A generic solution to encoding code
The problem with filtered input is that the number of possible values that a byte is allowed to have is less then 256. We do not yet know what the code we want to execute is going to be. We must therefore assume that it will contain all 256 possible values a byte can normally have. We are looking for generic solution for turning ANY code into code that contains only those values for bytes that are allowed. My solution is twofold:
- Create a decoder that can pass through the filter and work.

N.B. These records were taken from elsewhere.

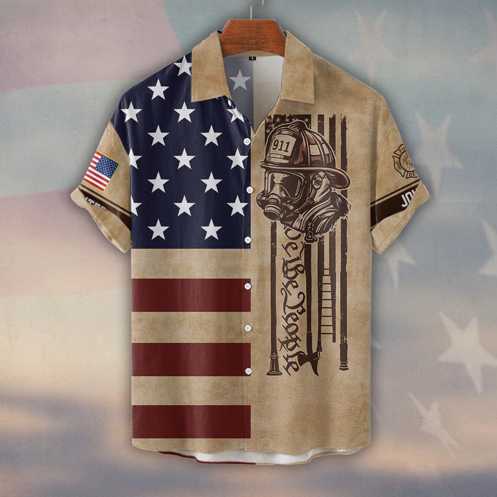 Custom Name & Department We The People America Firefighter #DQH0498 – Short Sleeve Button Shirt
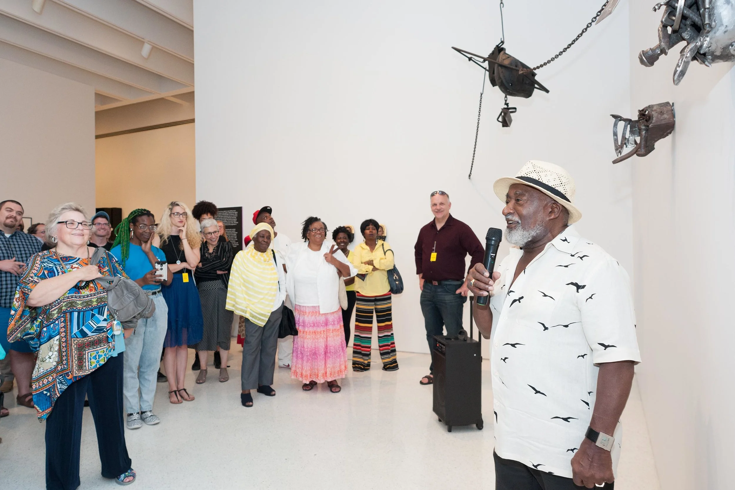 Thaddeus Mosley presenting at the 20/20 exhibition Gallery Conversations event in partnership with By Any Means. August 3, 2017. Courtesy of the Carnegie Museum of Art.
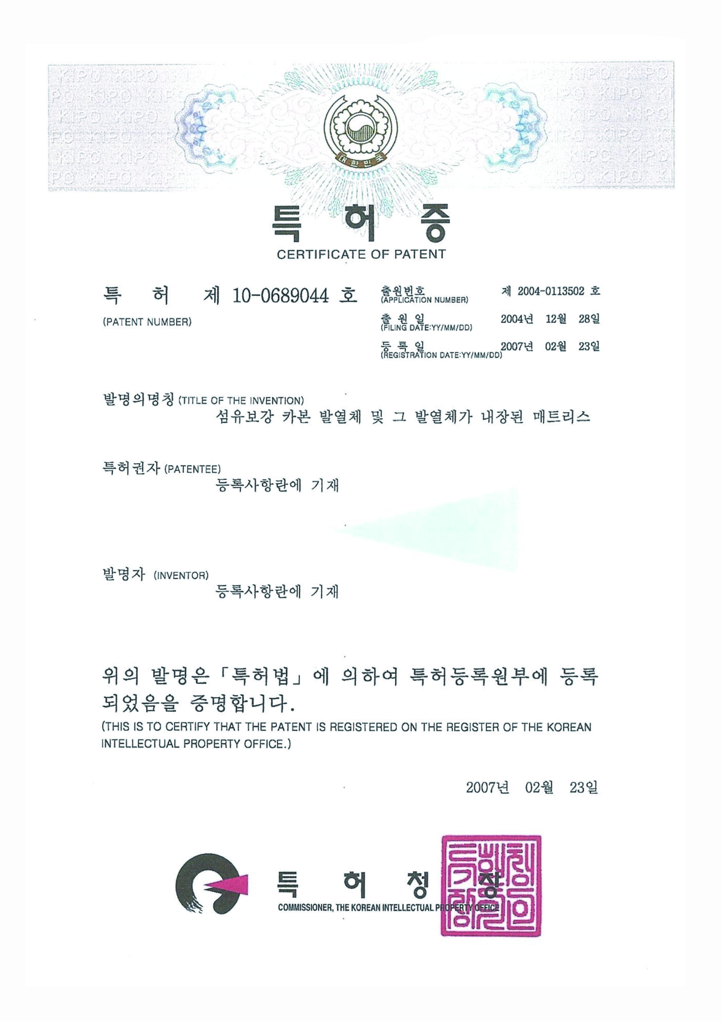 [특허]섬유보강 카본 발열체 및 그 발열체가 내장된 매트리스
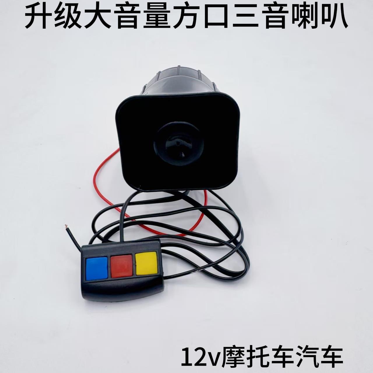 汽车机车12v车载三音警报喇叭3音扩音器滑板车 30w改装多音喇叭
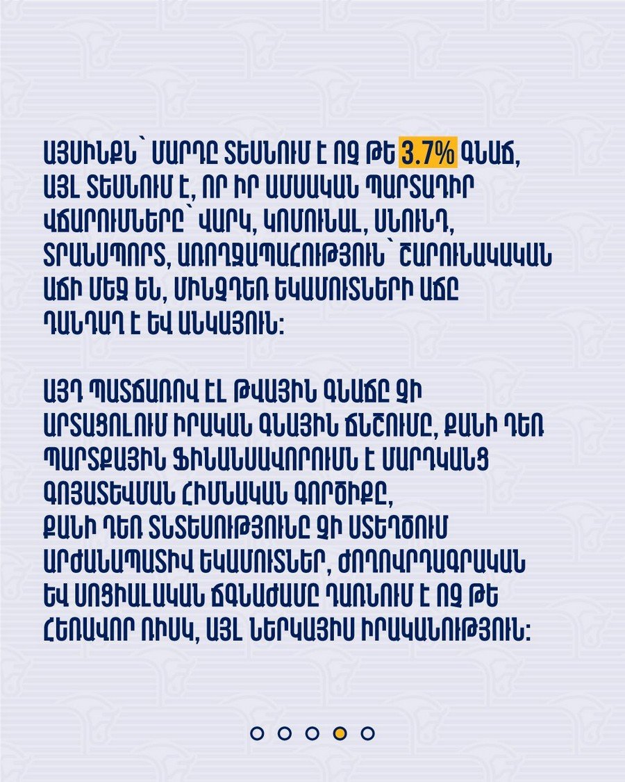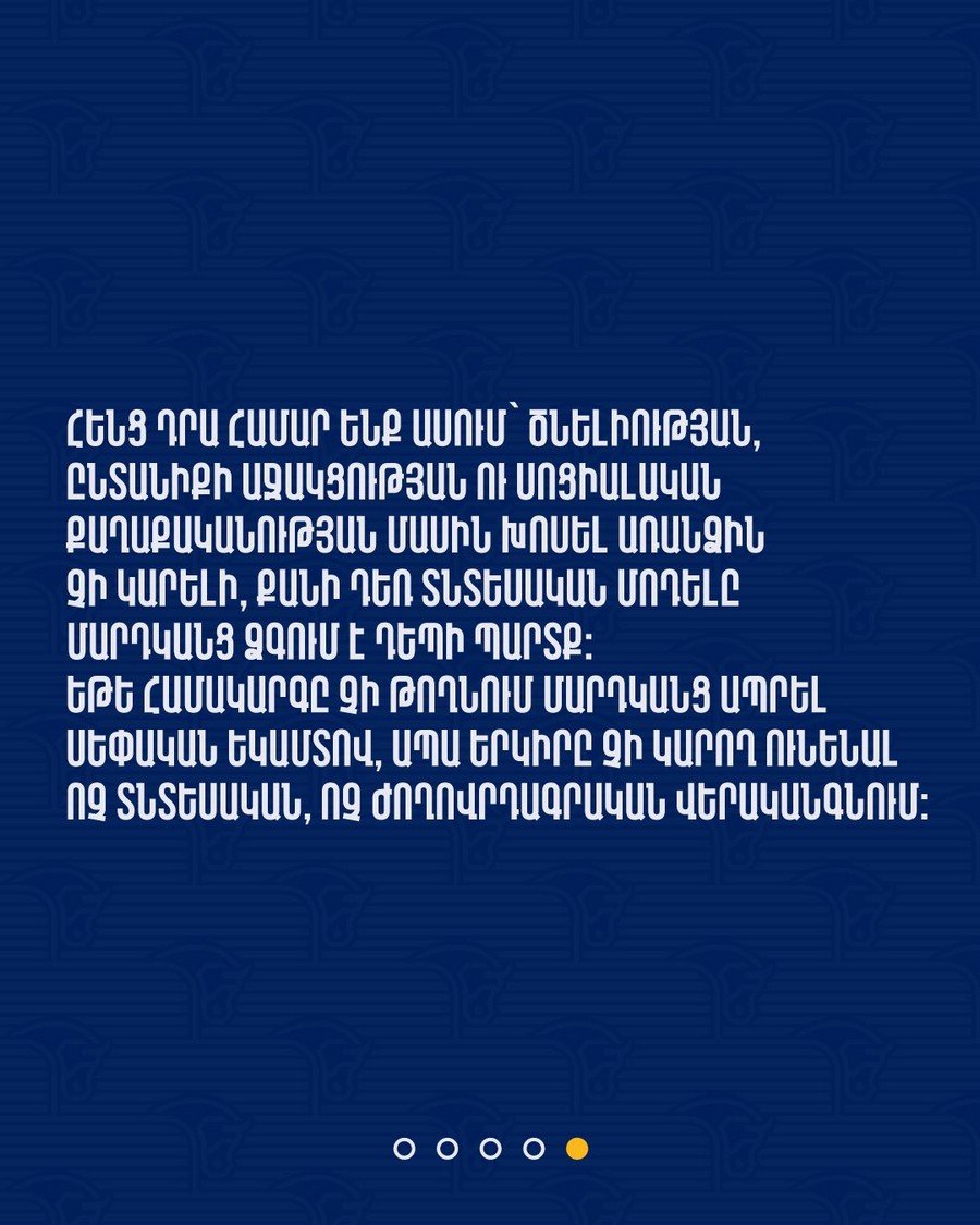 Ծնելիության, ընտանիքի աջակցության ու սոցիալական քաղաքականության մասին խոսել առանձին չի կարելի, քանի դեռ տնտեսական մոդելը մարդկանց ձգում է դեպի պարտք։ Եթե համակարգը չի թողնում մարդկանց ապրել սեփական եկամտով, ապա երկիրը չի կարող ունենալ ոչ տնտեսական, ոչ ժողովրդագրական վերականգնում։

- Encode the original code as data that can pass through the filter, such that the decoder can regenerate it when it gets run.
The size of the resulting code is the size of the decoder plus the size of the encoder original code. In order to keep the size small, you should keep the decoder simple and the encoded data packed efficiently. Unfortunately, there is a trade of between these two sizes; to denser you want to pack your encoded data, the more complex a decoder will often need to be. So smaller data often means a larger decoder. It makes sense to create a simple decoder first to see if it can be done and then consider your options for increasing the desity of your encoded data. Because we are encoding shellcode, which is often very small, there is not a lot of data to encode. This means that the encoded data is likely to be small and any increase in the data density will not make a huge impact on the overall size.
Data density
For instance, there are 62 alphanumeric characters, but ALPHA only use 4 bits to encode data (16 values, 67% efficiency). Assuming you are encoding 200 bytes of shellcode, (200*8 bits), you could theoretically encode your data in 269 bytes, if your data desity was optimal. Instead, it is encoded into 400 bytes. You could decrease the size of the encoded data by up to 131 bytes by using a more optimal encoding. However, you will need to create a new decoder that can decoder it, which will very likely be more than 131 bytes larger than the simple decoder. The end result will therefore be larger in total.
Very low data density
If the encoded data contains a very limited set of bytes, you might consider using a decoder table, for instance: if your shellcode uses 15 different characters, you might consider replacing each one of these bytes in the shellcode with a valid character. The decoder creates a lookup table where every encoded byte translates back to the original. But since this is a very specific case, which doesn't happen very often, I won't be discussing this in detail.
Decoder loops
I refer to a "decoder loop" when I'm talking about a piece of assembler code that can decoded any number of encoded bytes to the original data byte by byte. All my decoders follow these simple steps (but not necessarily in this order):
.-> |1. Read encoded data (input)| L |2. Decode it| O |3. Store the result (output)| O |4. Move to the next piece of data| P |5. Check whether it's reached the end of the input`--'|6. Jump to step 1 if not.V(decoding finished)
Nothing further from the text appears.